Diese Transatlantische Handels- und Investitionspartnerschaft (TTIP) wäre das größte bilaterale Handelsabkommen aller Zeiten. Damit würden nicht nur die verbliebenen Zölle im Handel zwischen den USA und der EU nach und nach abgebaut. Ein solcher Schritt würde vor allem – so die Hoffnung – Tausende von regulatorischen Vorschriften dies- und jenseits des Atlantiks angleichen. Es gäbe dann weder Schutzzölle noch Umrüstungspflichten für Pkws und Elektrogeräte oder Restriktionen für die Herstellung und Behandlung von Lebensmitteln.
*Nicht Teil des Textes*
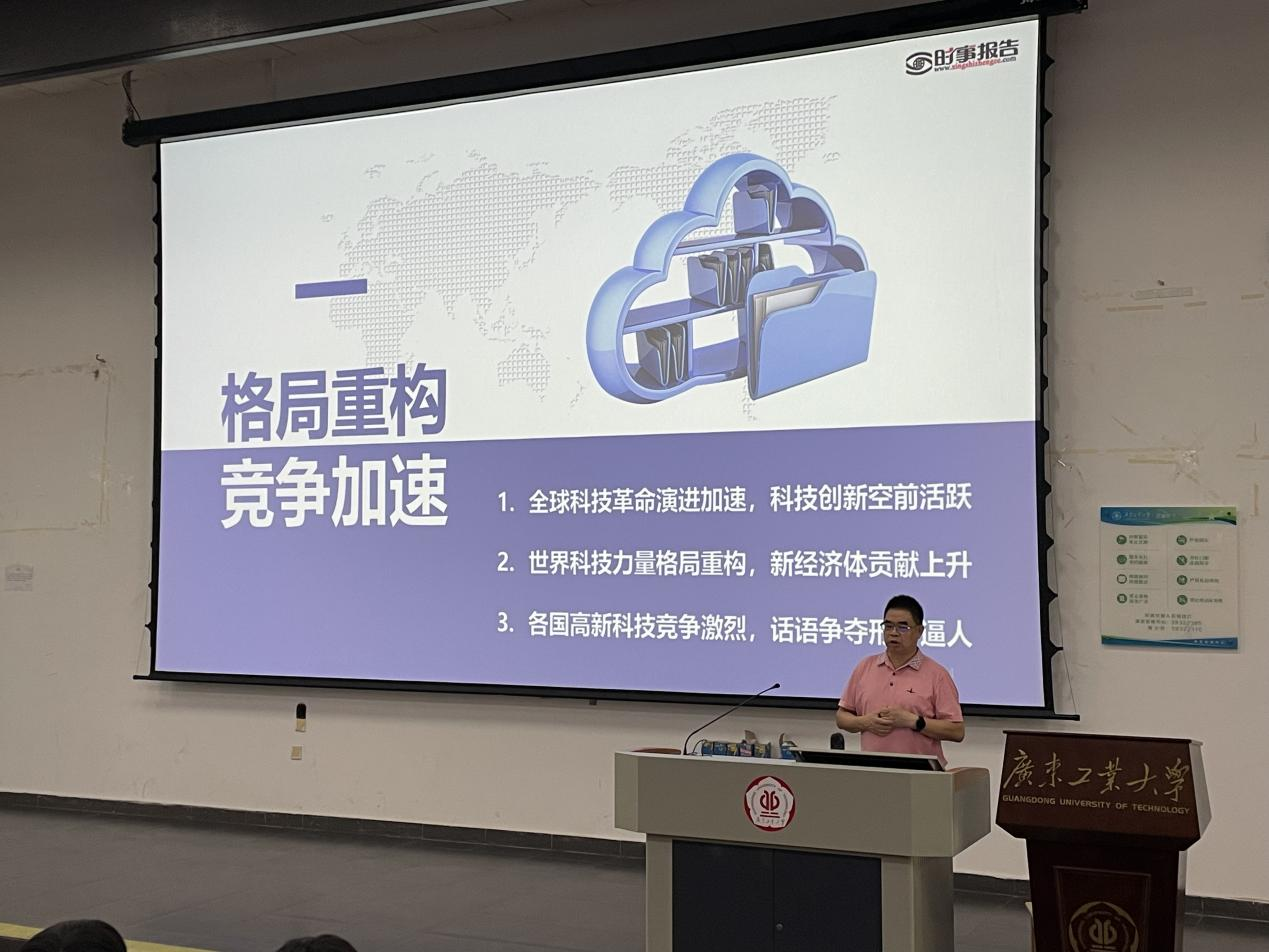 程良伦首先通过图文讲解,生动的展现了在共产党的带领下我国如何从科技落后的“万国造”到自主创新的“中国智造”的转变,为人类生产生活方式带来重大变革,然后从“格局重构,竞争加速”、“把握机遇,应对挑战”、“国之重器,自立自强”三个方面讲述了学科之间、科学和技术之间、技术之间、自然科学和人文社会科学之间日益呈现交叉融合趋势以及未来科技发展的趋势。程良伦鼓励同学们直面我国核心技术受制于人的“卡脖子”问题,一是要善于将技术与服务融合,在科研学习中始终保持恒心和韧劲,持之以恒、接力攻关;二是要坚持不懈走自主创新之路,保持自主创新的战略定力,不断在攻坚克难中追求卓越,切实为建设现代化经济体系和创新型国家提供战略支撑;三是要肩负起科技创新的历史使命,将现存的“卡脖子”环节逐个攻克,掌握更多核心关键技术,有力支撑世界科技强国建设。
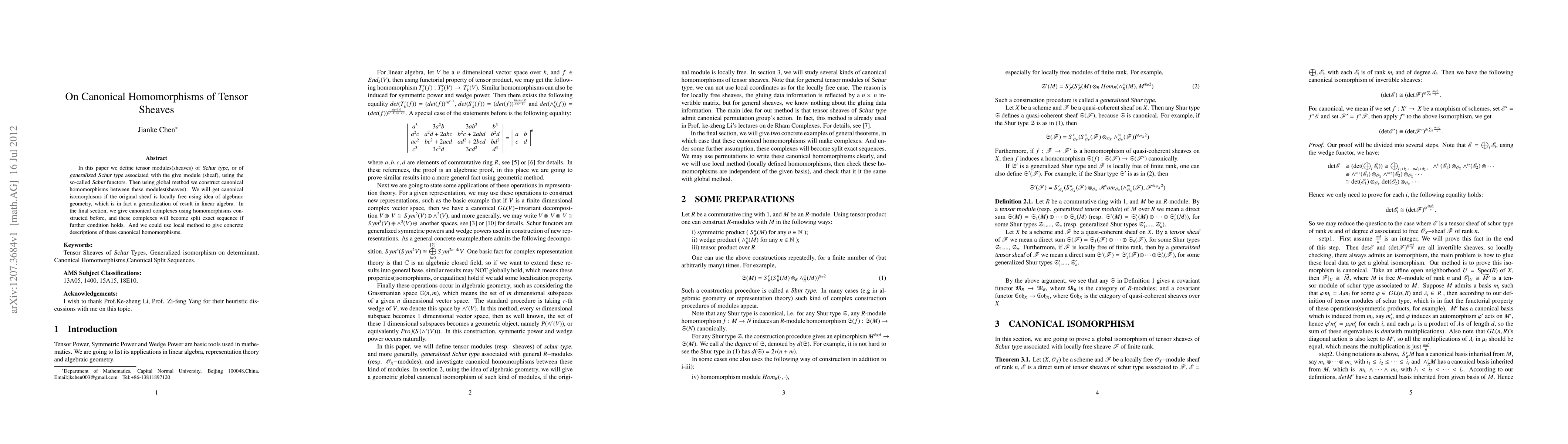 In this paper we define tensor modules(sheaves) of Schur type,or of generalized Schur type associated with the give module(sheaf), using the so-called Schur functors. Then using global method we construct canonical homomorphisms between these modules(sheaves). We will get canonical isomorphisms if the original sheaf is locally free using idea of algebraic geometry, which is in fact a generalization of result in linear algebra. In the final section, we give canonical complexes using homomorphisms constructed before, and these complexes will become split exact sequence if further condition holds. And we could use local method to give concrete descriptions of these canonical homomorphisms.

Doch gerade der Agrarbereich könnte sich als Knackpunkt in den Verhandlungen erweisen. In der Europäischen Union existieren zum Beispiel deutlich strengere Regeln für gentechnisch veränderte Lebensmittel als in den USA. Auch die Zölle sind für landwirtschaftliche Produkte deutlich höher als für industrielle Waren. Die europäischen Restriktionen haben zur Folge, dass nur ein sehr geringer Anteil der amerikanischen Agrarexporte in die EU kommt: Obwohl auf den Äckern der Vereinigten Staaten 38 Prozent der weltweiten Maiserträge wachsen, importiert Europa lediglich einen Bruchteil davon. Ähnlich sieht es bei Geflügel und Rindfleisch aus.